The thing I think non-creatives might struggle to understand about my journey as a creative is that making more money isn’t worth it to me if the money isn’t flowing from a source that fulfills me. If I am not happy doing the work that is earning the money, it doesn’t matter how much I’m being paid. I would be happier making $30,000 a year but being so fulfilled in my work than making $150,000 doing something I can’t stand. I think along the same vein here is that I physically cannot make myself do something I don’t want to do for a long period of time. Of course I can make myself pay taxes and go to the dentist and check emails and do the little things I don’t necessarily want to do. However, when it comes to the big things, like having a career that I don’t love, or trying to get licensing for a certification I don’t care about, I cannot make myself do those things. I will absolutely crawl out of my skin and my anxiety will be so high I won’t be able to hardly breathe. I didn’t know this, however, when i was in college and in my career as a financial planning assistant. I genuinely thought my brain was broken and I was an undisciplined person. I could not force myself to get done the things I needed to get done until the anxiety of not doing them outweighed the lack of want to complete them. Then, I was able to get things done. I hope my past boss doesn’t see this, but I would be able to get more work done in the last 3 hours on a Friday afternoon than I would all week.
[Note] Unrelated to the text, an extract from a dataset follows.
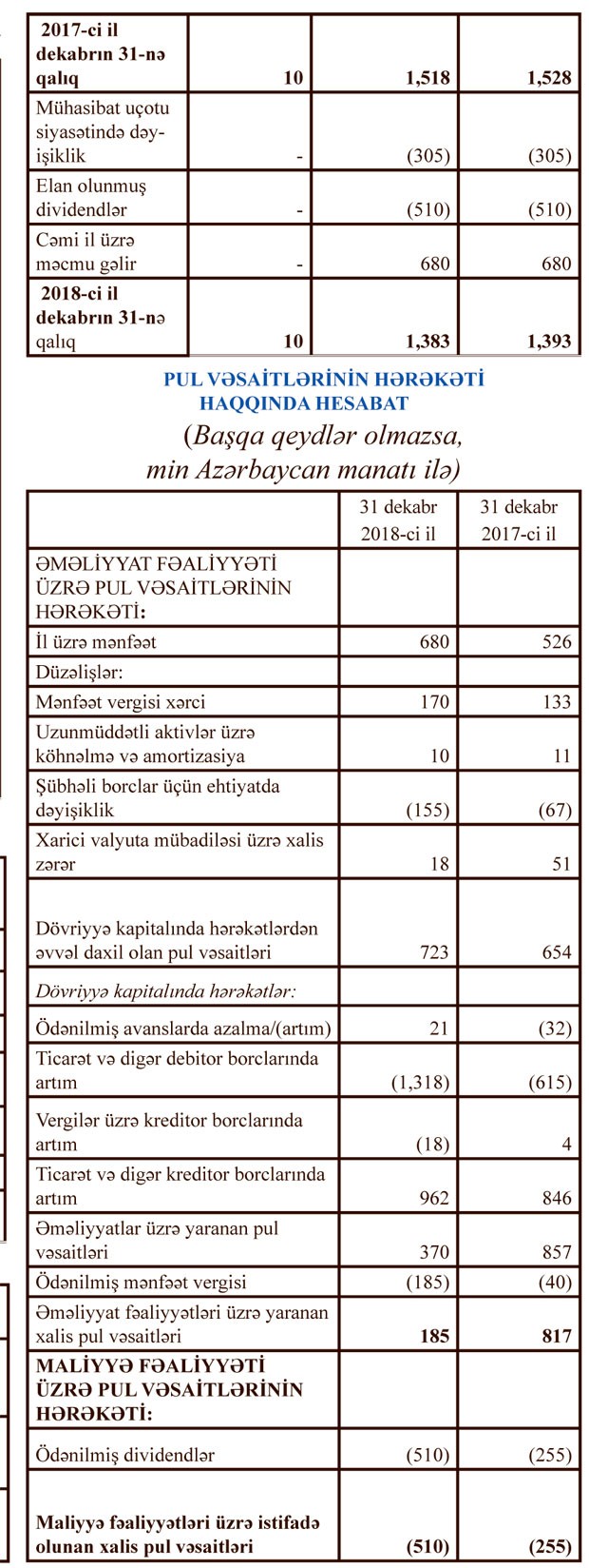 Şirkətin maliyyə hesabatına görə, bu, 2017-ci illə müqayisədə 29,3% çoxdur.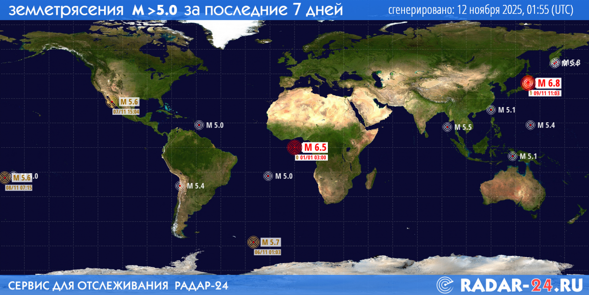 На карте сильные землетрясения за последние 24 часа, 11 ноября 2025 года

The anxiety of not getting it done would outweigh the lack of desire to do the tasks and I would knock them out. No one knew this is how my brain had to operate. The guilt I felt was massive. Now that I am a creative doing what I want to do, I don’t have those tendencies or feelings anymore. I am able to get my work done because I enjoy it. I think that non-creatives will always struggle to understand what it is like to have a creative brain that runs on dopamine stimulating actions. And to be fair, I also cannot understand how someone can do office jobs 9-5 everyday and have their brain get work done they don’t feel passionate about. But man, I am so glad there are people doing that and enjoying it because this world needs all different types of brains!